Wednesday, January 11, 2006

TD's US Bank Bid a Go

  
The Toronto Star, Stuart Laidlaw, 11 January 2006

Portland, Maine - In meetings this morning here and in New Jersey, Toronto Dominion’s U.S. unit approved a $1.9 billion (U.S.) deal to take over Hudson United Bancorp.

Shareholders of the New England bank voted 99 per cent in favour of buying Hudson. In a simultaneous meeting in Malwah, N.J., today, Hudson shareholders also voted in favour of the deal.

The deal combines Banknorth’s branches across New England with Hudson’s 204 branches, mostly in New Jersey and New York state where Banknorth has had little presence until now.

“It's a transaction that fits right in with what we have done in the past,” Bill Ryan, chief executive of TD Banknorth told a shareholders meeting here today.

Once the deal closes at the end of the month, the combined bank will have 590 branches and $26 billion in deposits across nine states from Maine to Pennsylvania.

Toronto Dominion bought a 51 per cent stake in Banknorth in 2004 for $3.8 billion, saying it planned to use its large cash reserves to fund growth through acquisition at Banknorth, already an aggressive acquisitor in the U.S. northeast.

With bank mergers a virtual impossibility at home, Canadian banks have looked abroad for investments.

Bank of Montreal has invested in the U.S. midwest, Royal Bank in the southeast and TD in the northeast.
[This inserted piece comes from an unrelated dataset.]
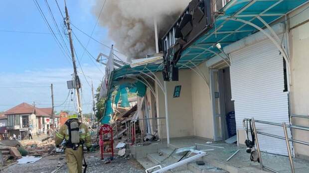 В МЧС Краснодарского края уточнили, что при взрыве произошло обрушение конструкции на площади около 100 квадратных метров. На 30 "квадратах" вспыхнул пожар.

Bank of Nova Scotia has preferred to invest in developing countries, with a particular interest lately in Mexico.

TD has said it hopes to make Banknorth into a dominant force in New England.

When the latest deal was announced last July, Hudson was under a cloud over shortcomings in its compliance with Bank Secrecy Act and anti-money-laundering rules. Those worries were settled with regulators in the fall.